Task directions
For the listing below, the answer is an exact retyping of the lines from the one with "Emergency workers gather" through the one with "This organic cotton", both included, without pictures.

Available data
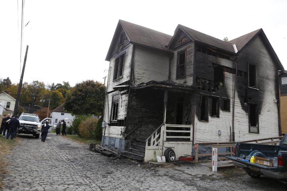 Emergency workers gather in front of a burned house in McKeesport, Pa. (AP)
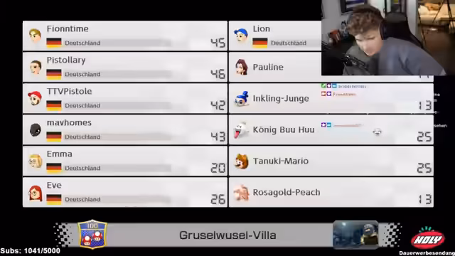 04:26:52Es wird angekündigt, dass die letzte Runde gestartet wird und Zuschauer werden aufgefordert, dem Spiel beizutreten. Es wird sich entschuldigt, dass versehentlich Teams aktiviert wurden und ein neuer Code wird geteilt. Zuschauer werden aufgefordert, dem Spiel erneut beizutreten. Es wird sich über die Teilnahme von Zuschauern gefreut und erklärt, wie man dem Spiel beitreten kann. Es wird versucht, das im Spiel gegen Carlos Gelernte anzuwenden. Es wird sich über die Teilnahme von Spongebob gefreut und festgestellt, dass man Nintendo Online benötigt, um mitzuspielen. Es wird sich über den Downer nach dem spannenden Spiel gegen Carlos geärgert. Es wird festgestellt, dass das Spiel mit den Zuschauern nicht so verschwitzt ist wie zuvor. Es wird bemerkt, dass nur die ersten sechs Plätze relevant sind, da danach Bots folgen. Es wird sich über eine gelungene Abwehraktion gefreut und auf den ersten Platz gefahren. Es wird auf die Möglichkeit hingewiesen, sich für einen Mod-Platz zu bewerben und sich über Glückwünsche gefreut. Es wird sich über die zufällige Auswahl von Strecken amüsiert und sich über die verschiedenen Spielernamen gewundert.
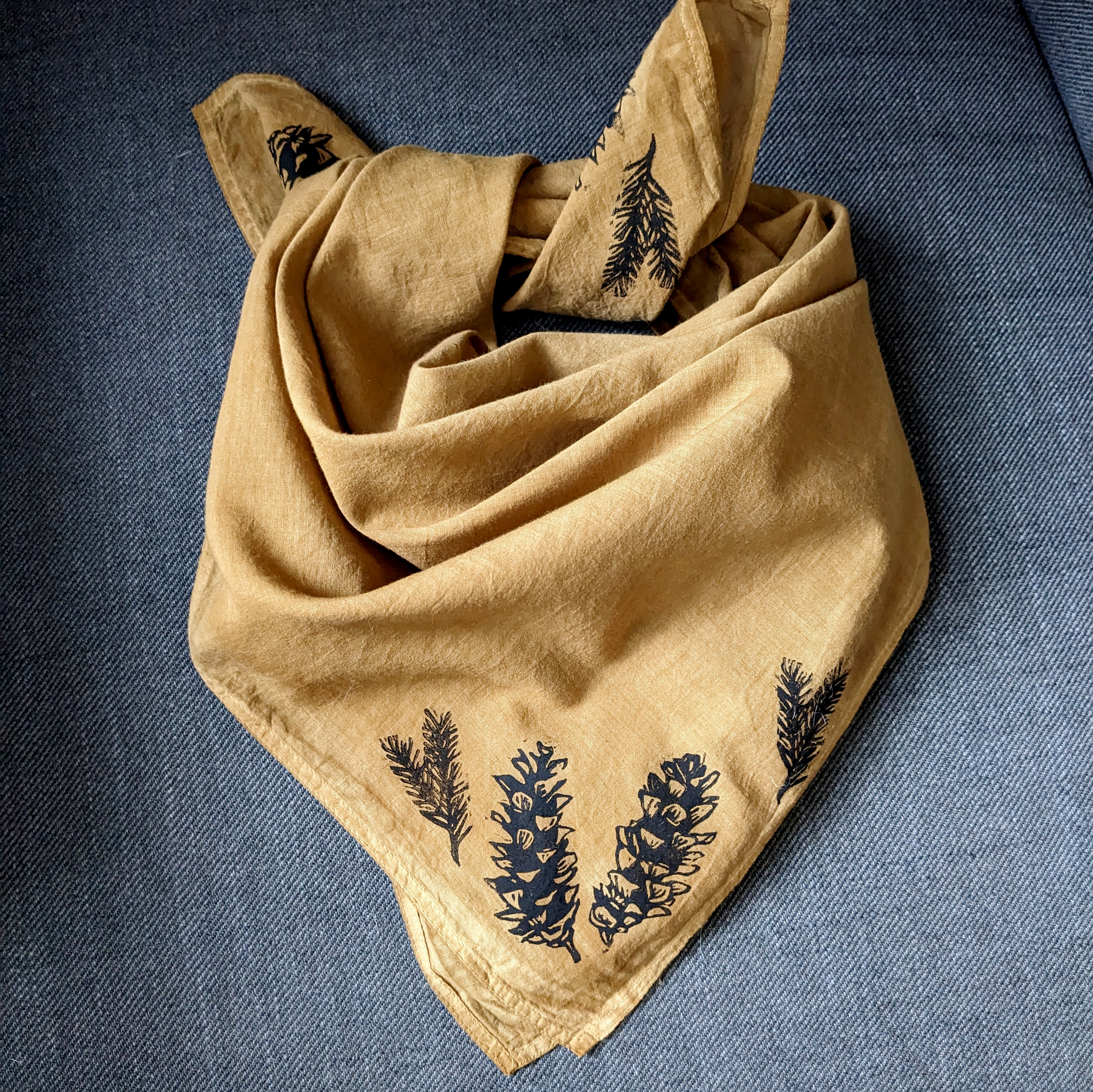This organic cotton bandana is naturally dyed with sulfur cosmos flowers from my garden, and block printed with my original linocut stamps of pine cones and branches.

==

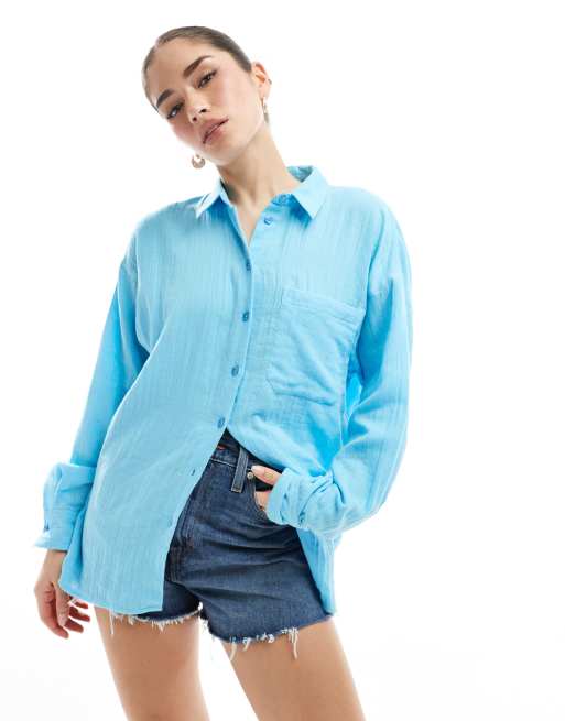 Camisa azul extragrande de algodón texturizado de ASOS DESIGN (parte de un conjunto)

The answer
 Emergency workers gather in front of a burned house in McKeesport, Pa. (AP)
 04:26:52Es wird angekündigt, dass die letzte Runde gestartet wird und Zuschauer werden aufgefordert, dem Spiel beizutreten. Es wird sich entschuldigt, dass versehentlich Teams aktiviert wurden und ein neuer Code wird geteilt. Zuschauer werden aufgefordert, dem Spiel erneut beizutreten. Es wird sich über die Teilnahme von Zuschauern gefreut und erklärt, wie man dem Spiel beitreten kann. Es wird versucht, das im Spiel gegen Carlos Gelernte anzuwenden. Es wird sich über die Teilnahme von Spongebob gefreut und festgestellt, dass man Nintendo Online benötigt, um mitzuspielen. Es wird sich über den Downer nach dem spannenden Spiel gegen Carlos geärgert. Es wird festgestellt, dass das Spiel mit den Zuschauern nicht so verschwitzt ist wie zuvor. Es wird bemerkt, dass nur die ersten sechs Plätze relevant sind, da danach Bots folgen. Es wird sich über eine gelungene Abwehraktion gefreut und auf den ersten Platz gefahren. Es wird auf die Möglichkeit hingewiesen, sich für einen Mod-Platz zu bewerben und sich über Glückwünsche gefreut. Es wird sich über die zufällige Auswahl von Strecken amüsiert und sich über die verschiedenen Spielernamen gewundert.
This organic cotton bandana is naturally dyed with sulfur cosmos flowers from my garden, and block printed with my original linocut stamps of pine cones and branches.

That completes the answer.